Commissioner Of Central Tax v. Medgenome Labs Ltd.
2023-03-14
C.M.POONACHA, P.S.DINESH KUMAR
body2023
DigiLaw.ai
JUDGMENT : (P.S. Dinesh Kumar, J.) This appeal by the Revenue, directed against the order dated April 01, 2022 in final order No. 20145 to 20155/2022 passed by CESTAT Customs, Excise and Service Tax Appellate Tribunal, Bangalore has been filed to consider following questions of law: i) Whether in the facts and circumstances of the case, the Tribunal was right in holding that the activity undertaken by the Respondent can be considered as 'export of service' under the provisions of the Finance Act, 1994? ii) Whether in the facts and circumstances of the case, the Tribunal was right in holding that Rule 3 of the Place of Provision of Services Rules, 2012 is applicable to the activity undertaken by the Respondent? iii) Whether in the facts and circumstances of the case, the Tribunal was right in rejecting the Appeal filed by the Appellant? 2. Heard Smt. Preetha, learned Advocate for the Revenue and Shri. Prasad Paranjape, learned Advocate for the assessee. 3. Briefly stated the facts of the case are, assessee is a private limited company registered under the Finance Act, 1994. It is engaged in providing clinical genomic solutions. Various Pharmaceutical Companies approach assessee for analysis and identification of genetic patterns of a disease/ailment. It has set up laboratories to perform these functions and procures samples as per specific requirements for the purpose of test and analysis from hospitals and research centres. The reports are sent to the clients electronically. Assessee pays the service tax when such services are rendered to clients situated in India, when the services are rendered to clients abroad, assessee treats such services as export and does not pay service tax. 4. A show cause notice dated October 18, 2019 was issued to assessee proposing to deny benefits of export of services and a demand of Rs.17,71,79,316/- was raised. The Commissioner of Central Tax passed an OIO Order-in-Original confirming the demand and denied the benefit of export of services holding that the said services are within the taxable territory of India in terms of Rule 4 of Place of Provision of Service Rules, 2012. Hereinafter referred as "PoPS Rules" On appeal, CESTAT allowed assessee's appeal holding that place of provision of service is clearly outside India and assessee has satisfied the conditions required for treating the service as export of service. Feeling aggrieved, Revenue has preferred this appeal. 5.

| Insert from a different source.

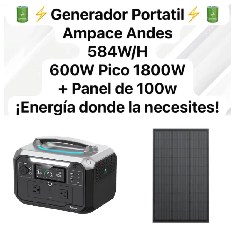 ESTACIÓN DE ENERGÍA AMPACE ANDES 600 PRO + PANEL ✅584 WH ✅600 W PICO 1800 W ✅ PANEL SOLAR 100 W

Hereinafter referred as "PoPS Rules" On appeal, CESTAT allowed assessee's appeal holding that place of provision of service is clearly outside India and assessee has satisfied the conditions required for treating the service as export of service. Feeling aggrieved, Revenue has preferred this appeal. 5. Smt. Preetha, for the Revenue, praying to allow the appeal submitted that: assessee receives samples from hospitals and research centres within India; PoPS Rules, provides that generally place of provision shall be the location of the service recipient, and if recipient is not available, then the place of provision will be that of the service provider; Rule 4(a) of the PoPS Rules provides that the place of provision of service shall be the location where the services are actually performed, where the services are provided in respect of goods that are required to be made physically available by the recipient to the provider; assessee conducts the tests in laboratories situated within India; 'Scientific testing and analysis services' cannot be treated as 'export' as per Rule 6A of the Service Tax Rules, 1994. 6. Opposing the appeal, Shri.Prasad Paranjape, for the Assessee submitted that the services provided by the assessee fulfill all the conditions mentioned under Rule 6A of the Service Tax Rules, 1994 read with Rule 3 of the PoPS Rules. 7. We have carefully considered the rival contentions and perused the records. 8. Undisputed fact of the case is, payment of services received by assessee from foreign clients as a service provider is convertible foreign exchange. 9. One of the main contentions of the Revenue, that Rule 4(a) of the PoPS Rules will apply to assessee is untenable because, the Rule requires goods to be made physically available to the recipient by the provider. In the present case, no goods have been made physically available from the recipient to the provider. 10. Rule 6A of the Service Tax Rules specifies the conditions to be satisfied for treating a service provided as export of service. The CESTAT has rightly recorded that assessee has clearly satisfied the conditions required for treating the service as export of service. 11. In our view, the services provided by the assessee is an export of service under Rule 6A of the Service Tax Rules, and thus cannot be chargeable to service tax. 12. Hence, the following: ORDER (a) Appeal is dismissed.
11. In our view, the services provided by the assessee is an export of service under Rule 6A of the Service Tax Rules, and thus cannot be chargeable to service tax. 12. Hence, the following: ORDER (a) Appeal is dismissed. (b) Final order No. 20145 to 20155/2022 dated April 01, 2022 passed by CESTAT, Bangalore is confirmed.